Abstract empiricism has two common justifications. If we accept them, it turns out that the severity of the results is achieved not due to some essential characteristic of the "Method", but due to the reasons "random in nature", namely due to money and time.
Firstly, it may be assumed that, since such research is very expensive, its problems are to some extent inevitably influenced by the interests of those who pay for it, and it may be added that these interests are related to completely unrelated problems. Consequently, researchers are not in a position to choose issues in such a way as to ensure that the data are truly incremental, i.e. that the knowledge accumulated is meaningful. They do the best they can. And because they cannot deal with serious future-proof problems, they have to specialise in developing methods that can be used regardless of the relevance of the subject matter.
In short, the economics of truth, i.e. the cost of research, conflicts with the politics of truth, using research to clarify the essence of critical social problems and to bring political debate closer to real social processes. The conclusion is that if the organizations engaged in social research had, say, a quarter of the funds of all the country's science funding agencies, and if they were able to manage these funds as they see fit, the situation would be significantly improved. I must admit that I do not know how justified these expectations are. And nobody knows, though, most likely, our intellectuals-managers, who replaced social science with business activity, are convinced of this. But to accept this as the only real problem would be to exclude any intellectual criticism. One thing is clear: due to the high cost of the Method, the work of its adherents is often used for commercial and bureaucratic purposes, which has a certain impact on the style of research.
Secondly, we can say that critics are clearly impatient: it is enough to remember that the duration of husbands' disputes about "scientific criteria" is counted not for decades, but for centuries.

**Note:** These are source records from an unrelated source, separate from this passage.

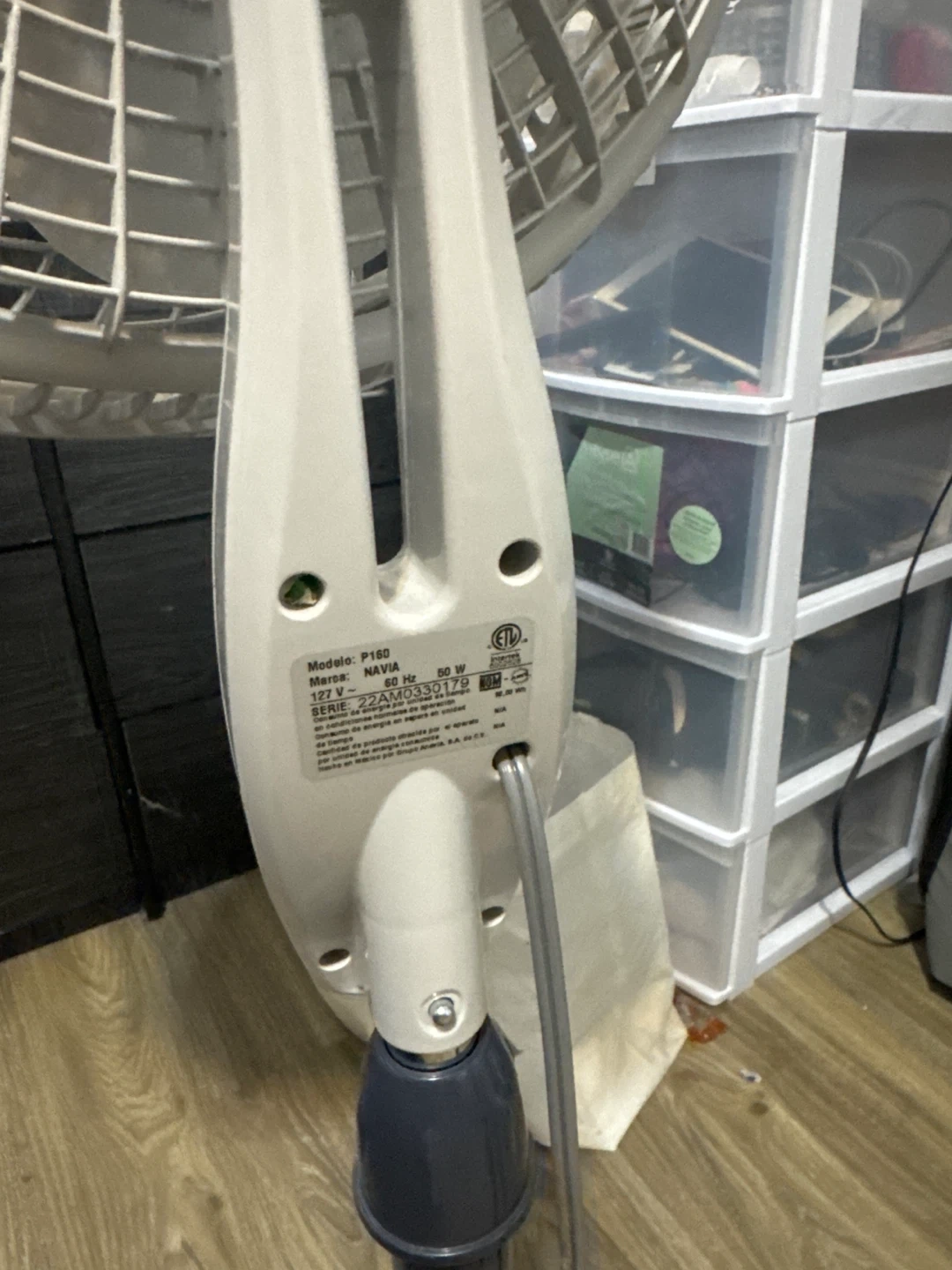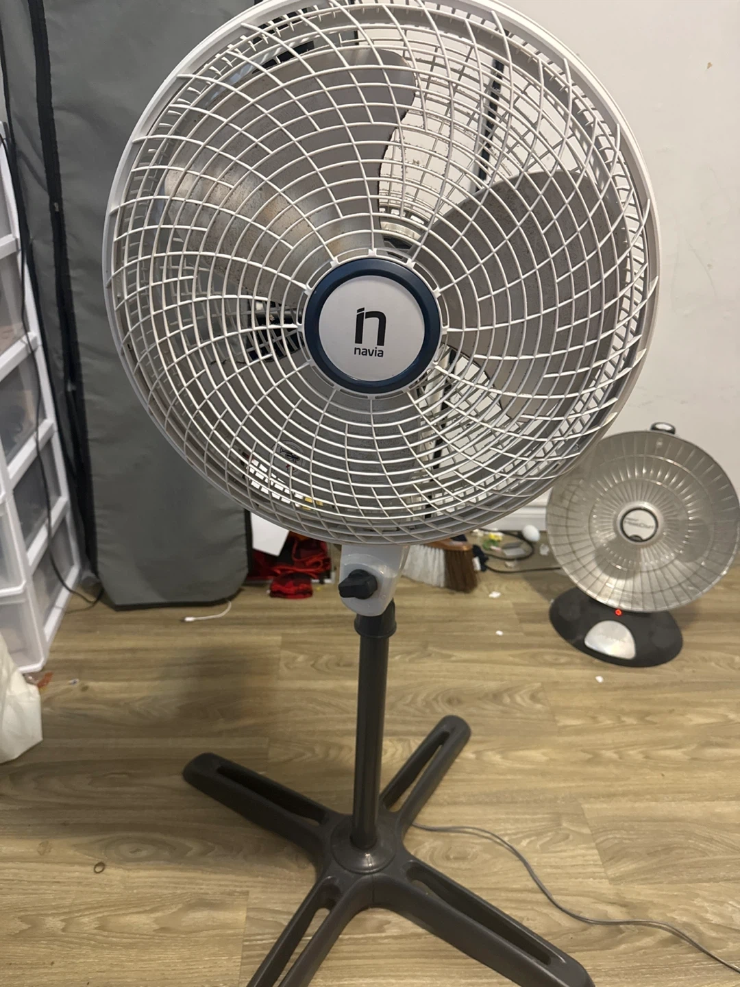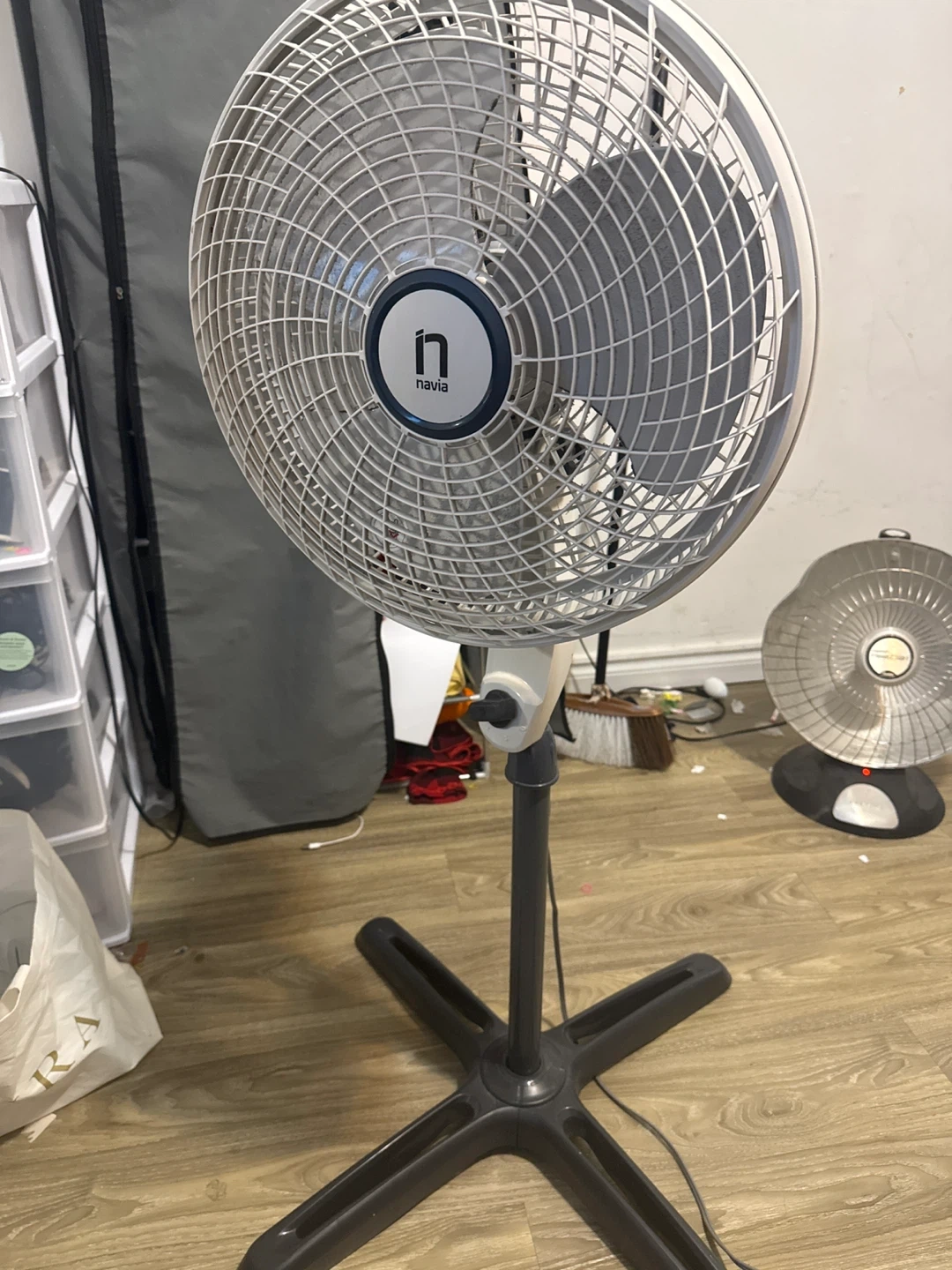 Navia pedestal fan, model P180. It's white and grey with three speeds and an adjustable height. Great for circulating air!
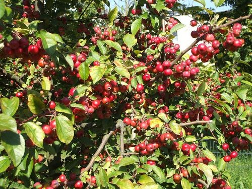 Виды и сорта: Популярный сорт — «John Downie» с белыми цветками и крупными оранжево-красными конической формы плодами, из которых получается хорошее желе. У сорта «Montreal Beauty» плоды еще более крупные, но самые красивые яблони — «Golden Hornet»: невысокие деревца с белыми цветками и ярко-желтыми плодами. Некоторые яблони выращивают скорее из-за очертаний кроны, чем ради плодов: у Я. обильноцветущей (М. floribunda) длинные изогнутые ветви, красные бутоны раскрываются в бледно-розовые цветки. Распространена колонновидная яблоня — «Van Eseltine». Есть яблони с красными цветками к плодами и медной листвой — чаще всего выращивают «Eleyi», «Lemoinei» и Я. пурпурную (M. purpurea), но самый удачный сорт, по-видимому, «Ргоfusion».
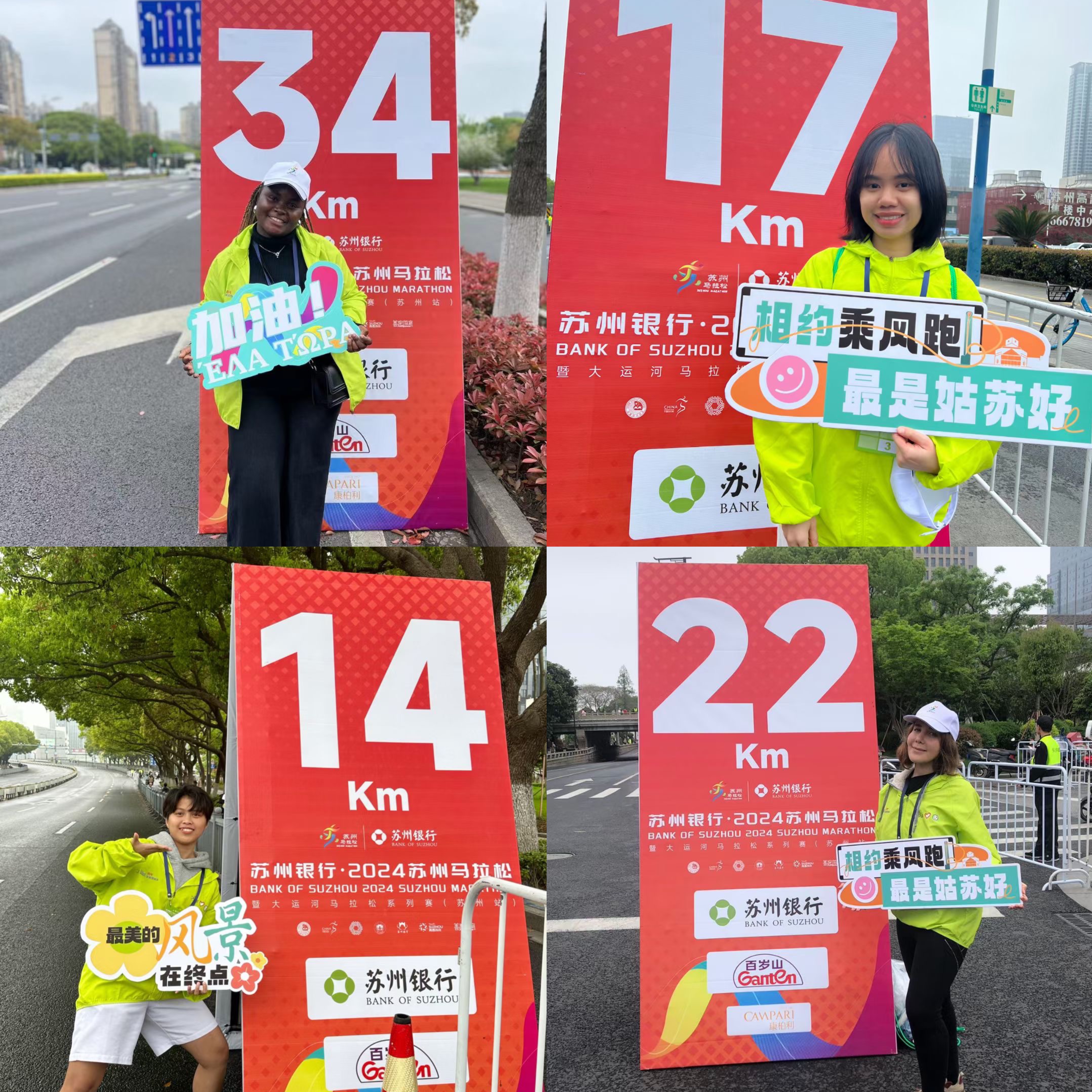 他们用自己的行动让苏州这座城市的国际形象更加鲜明,也为黄色网 的国际化教育发光发热,为国际传播贡献自己的力量。来自泰国的林蜜同学在朋友圈分享了自己参加马拉松的照片,同时表示,作为一名志愿者,感到非常骄傲。来自印度尼西亚的洪以恩同学已经是第二次作为志愿者参加苏州马拉松比赛了,她表示苏州马拉松组织得非常好,参赛人员多,国际志愿者也很多。

It can be argued that private research will "take its course" in such a way as to provide a general pattern of social development based on its data. This way of justifying it, it seems to me, is based on the idea of opncpeqqe social sciences as a mosaic game. It suggests that the results of such research may be "bricks and mortar" in nature, which at some point in the future can be "stacked" and "fitted" in order to "erect" a credible and verifiable image of a whole. This is not just an assumption; it is an explicit policy.
The empirical sciences," says Lazarsfeld, "must develop special problems and expand knowledge by combining the results of many long and painstaking detailed studies. It is highly desirable that more researchers turn to the social sciences, not because it will save the world overnight, but because it will ultimately speed up the daunting task of developing an integrated social science that can help us understand and manage social processes. This programme, if we distract ourselves from its political ambiguity for a moment, proposes to limit ourselves to "detailed" research on the grounds that the results of this research, in turn, will lead to "integrated social science". In order to prove this point of view to be erroneous, I will not look at the external causes of the lack of content in the results achieved by empiricists, but rather at the reasons related to the internal features of their style and program. First of all, it is necessary to consider the relationship between theory and specific research, i.e., the line that the Vedas should follow in determining the priority of broader concepts and in choosing objects for detailed exposition.
Of course, every scientific school is generous in its deliberations on the blindness of empirical data without theory and on the emptiness of the theory, which is not supported by data. Therefore, instead of weaving philosophical lace, we will turn directly to practice and its results.